Vorteil durch Unreife

Warum der Mensch ein so großes Gehirn hat

  • Martin Koch
  • Lesedauer: 3 Min.

Von allen Lebewesen besitzt der Pottwal das größte Gehirn. Dieses kann bis zu zehn Kilogramm schwer werden. Unter den Landtieren liegt der Elefant mit rund fünf Kilogramm vorn, gefolgt vom viel kleineren Homo sapiens, dessen Gehirn im Schnitt immerhin 1,4 Kilo wiegt.

Vergleicht man nun das Gehirngewicht des Menschen mit dem seines nächsten lebenden Verwandten, des Schimpansen, ist der Unterschied wiederum viel größer als man erwarten sollte. Denn bei Schimpansen ist das Gehirn nur 400 Gramm schwer. Und noch etwas fällt auf: Während ein Schimpanse bereits mit 40 Prozent der Gehirngröße eines erwachsenen Tieres geboren wird, beträgt der entsprechende Wert beim Menschen etwa 28 Prozent. Die menschliche Hirnentwicklung erfolgt also großenteils außerhalb des Mutterleibs, was eine lange Kindheit zur Folge hat, die zugleich vorteilhaft ist für die Entfaltung der individuellen Lernfähigkeit. Warum aber wird ein Mensch überhaupt mit einem so »unreifen« Gehirn geboren? Eine Hypothese lautet: Durch den aufrechten Gang hat sich der Beckenkanal der Frau so stark verengt, dass ein Neugeborenes mit einem noch größeren Gehirn bzw. Kopf dort kaum mehr hindurchpassen würde. Neuere Untersuchungen relativieren diese Aussage und verweisen auf einen anderen limitierenden Faktor. Danach fällt es der werdenden Mutter mit fortschreitender Schwangerschaft immer schwerer, sich selbst und den Fötus mit Nährstoffen zu versorgen. Nach neun Monaten hat der weibliche Körper seine diesbezüglichen Möglichkeiten erschöpft und leitet die natürliche Geburt ein.

Was dann folgt, ist eine im Tierreich einzigartige Größenzunahme des Gehirns, deren Grundstein allerdings schon im Mutterleib gelegt wird, wie ein japanisches Forscherteam um Tomoko Sakai von der Universität Kyoto jetzt im Fachblatt »Current Biology« (DOI: 10.1016/ j.cub.2012.06.062) berichtet. Die Wissenschaftler hatten erstmals bei zwei schwangeren Schimpansenweibchen zwischen der 14. und 34. Schwangerschaftswoche Ultraschallaufnahmen der Föten gemacht.
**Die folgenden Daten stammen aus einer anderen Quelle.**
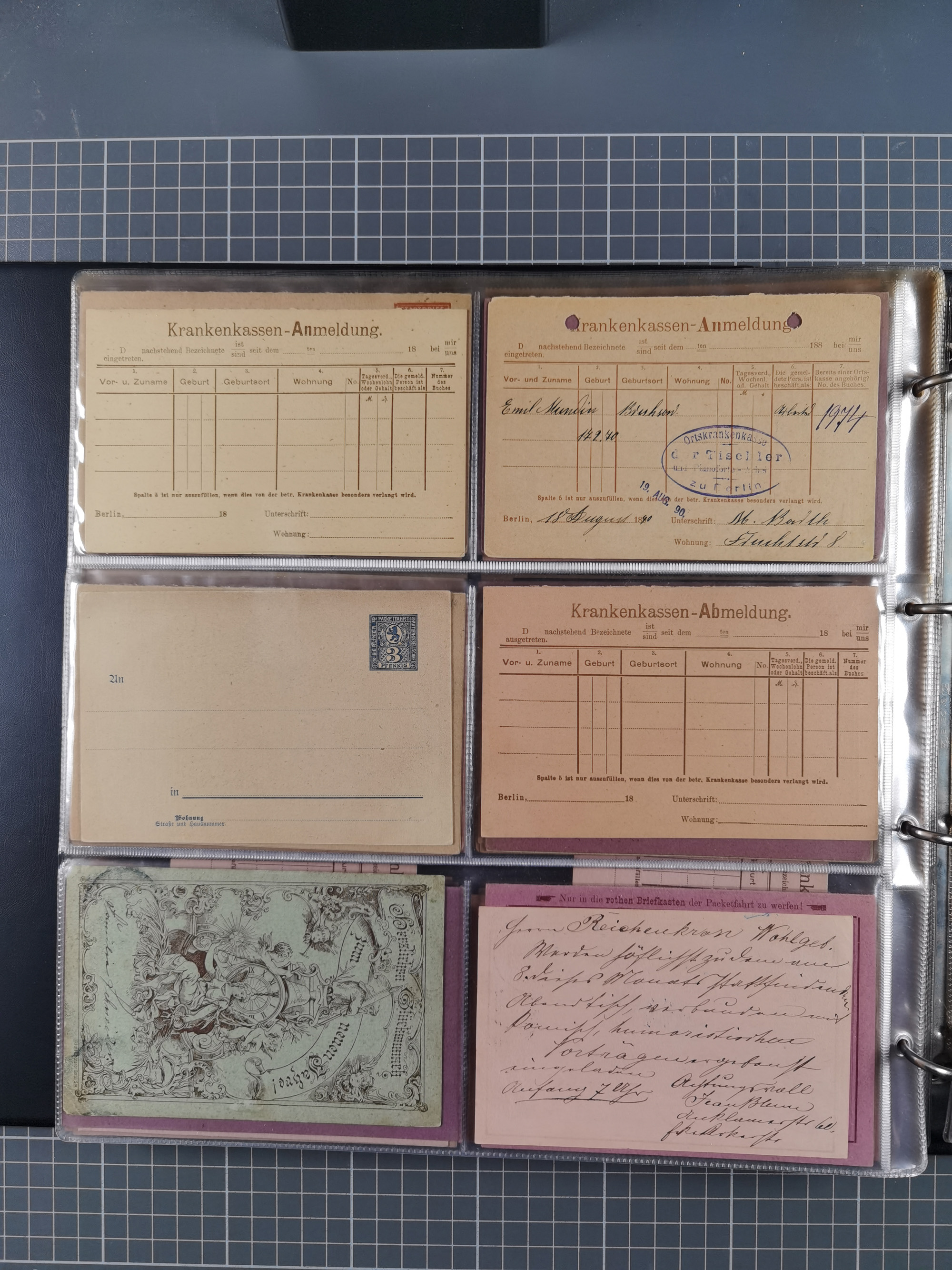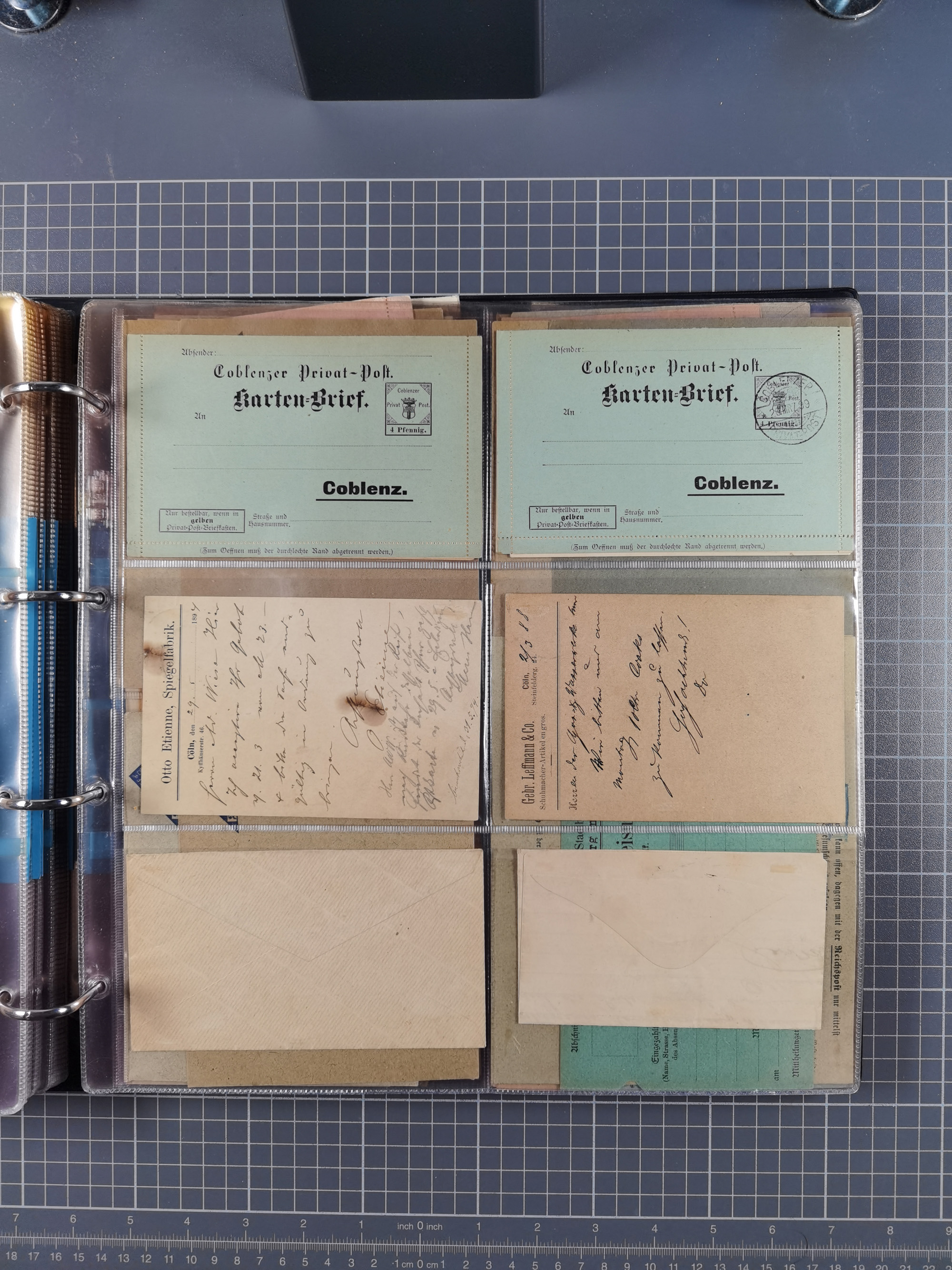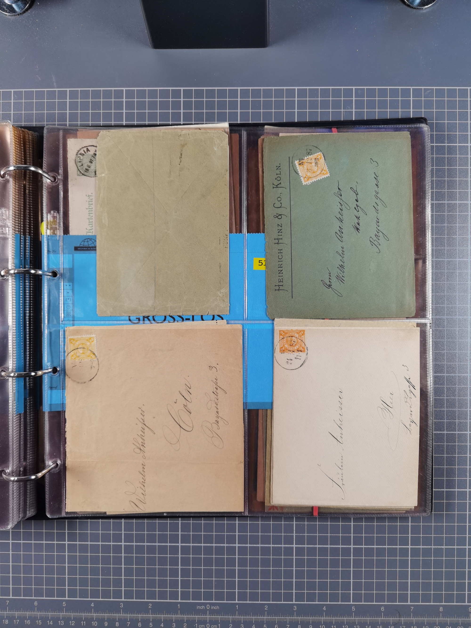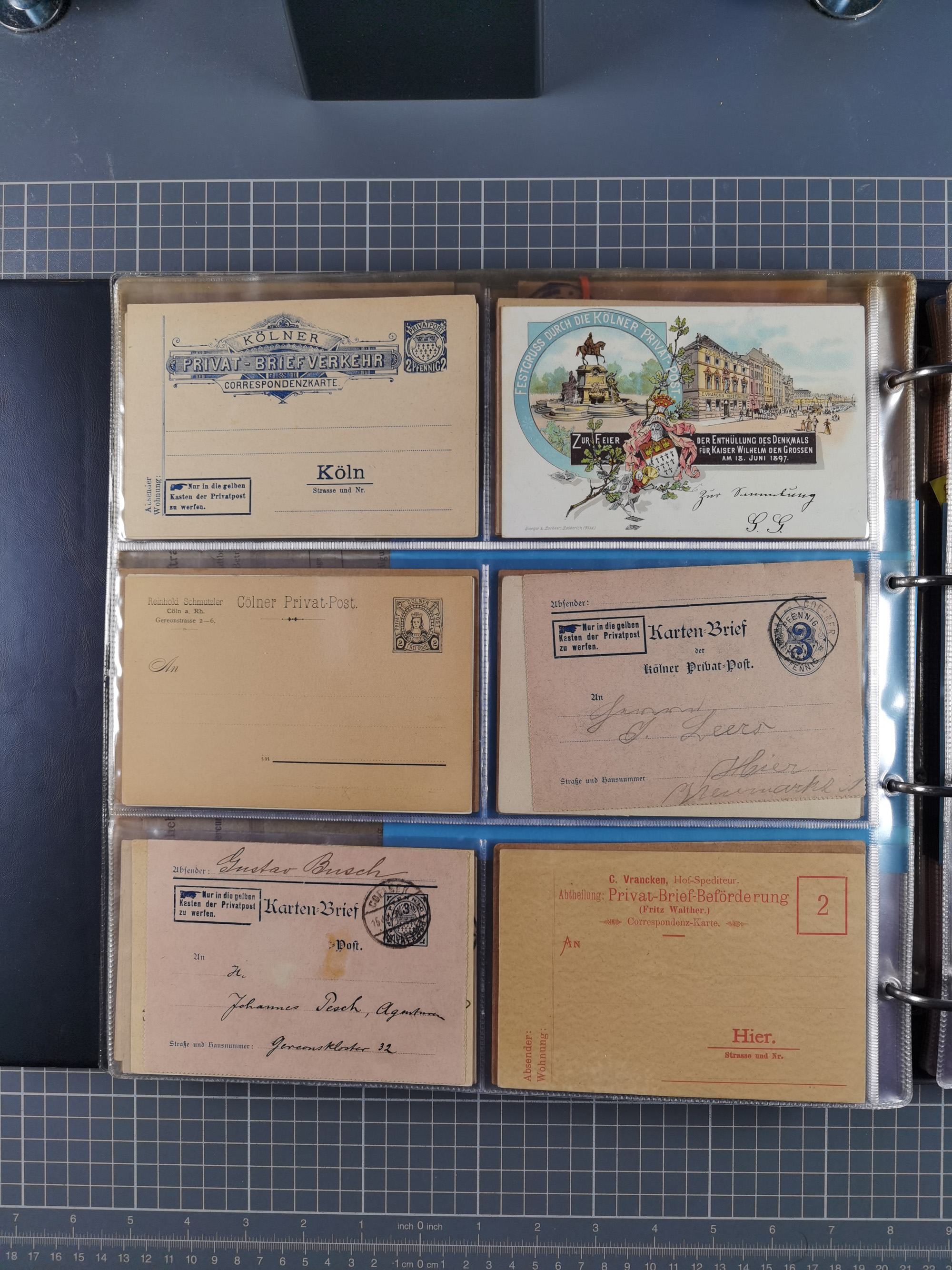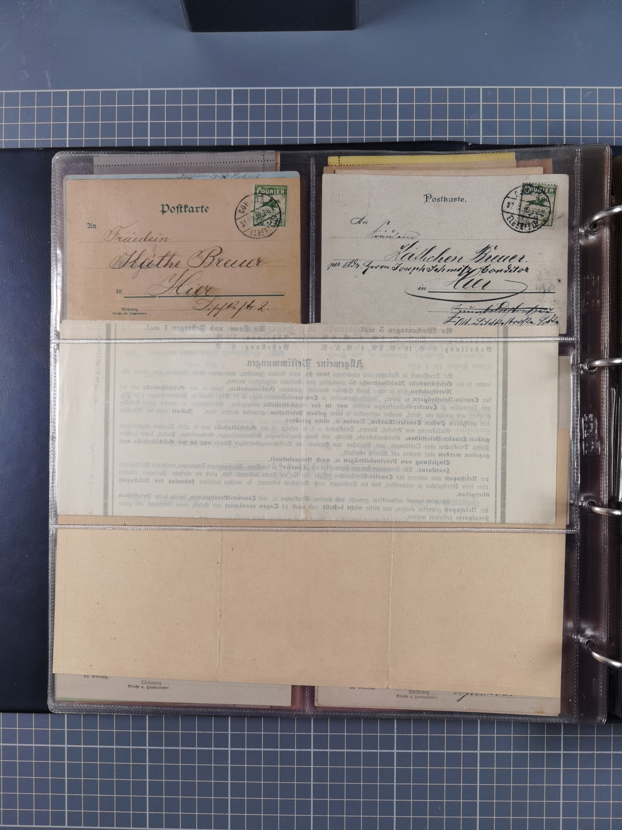 Köln: 1886/1900, ca. 100 Briefe, Karten und ungebrauchte/gebrauchte Ganzsachen sowie Formulare (u.a. “Abmeldung (Duplikat” ungebraucht) mit Schwerpunkt “Privat-Brief-Verkehr”. Dabei u.a. frankierte Firmenbriefe mit Mi.-Nr. 5 und 9, PP1 ungebraucht, PP5 ungebraucht und PU1 “Franz Wiillick” gebraucht , P28 ungebraucht und K4 gebraucht

Die daraus abgeleiteten dreidimensionalen Gehirnbilder wurden anschließend mit den Entwicklungsstufen des menschlichen Gehirns im gleichen Zeitraum verglichen. Ergebnis: Während das Gehirn des menschlichen Fötus in kontinuierlich steigendem Tempo größer wird, fällt die Wachstumsgeschwindigkeit bei einem Schimpansenfötus nicht nur geringer aus, sondern nimmt im Verlauf der Schwangerschaft sogar ab.

In Zahlen: In der 16. Schwangerschaftswoche ist das Gehirn des Schimpansenfötus mit ca. 16 Kubikzentimetern (cm³) nur etwa halb so groß wie das Gehirn eines menschlichen Fötus (34 cm³). Zwar steigt die Geschwindigkeit des Gehirnwachstums bis zur 22. Schwangerschaftswoche bei beiden Arten an. Anschließend setzt sich dieser Prozess aber nur beim Menschen fort. Beim Schimpansen ist das weitere Tempo des Gehirnwachstums bis zur Geburt rückläufig. Und so beträgt der wöchentliche Zuwachs an Gehirnvolumen in der 32. Schwangerschaftswoche beim Schimpansen rund 4 cm³, beim Menschen 26 cm³.

Nach der Trennung der Evolutionslinien beider Arten vor ca. sechs Millionen Jahren haben sich auch die Muster des pränatalen Gehirnwachstums weiter auseinander entwickelt, schreiben die japanischen Forscher. Und sie vermuten, dass nur dank der bereits im Mutterleib erreichten hohen Geschwindigkeit des neuronalen Wachstums der Mensch über ein Gehirn verfügt, welches fast acht Mal größer ist, als man auf Grund seiner Körpermasse erwarten würde.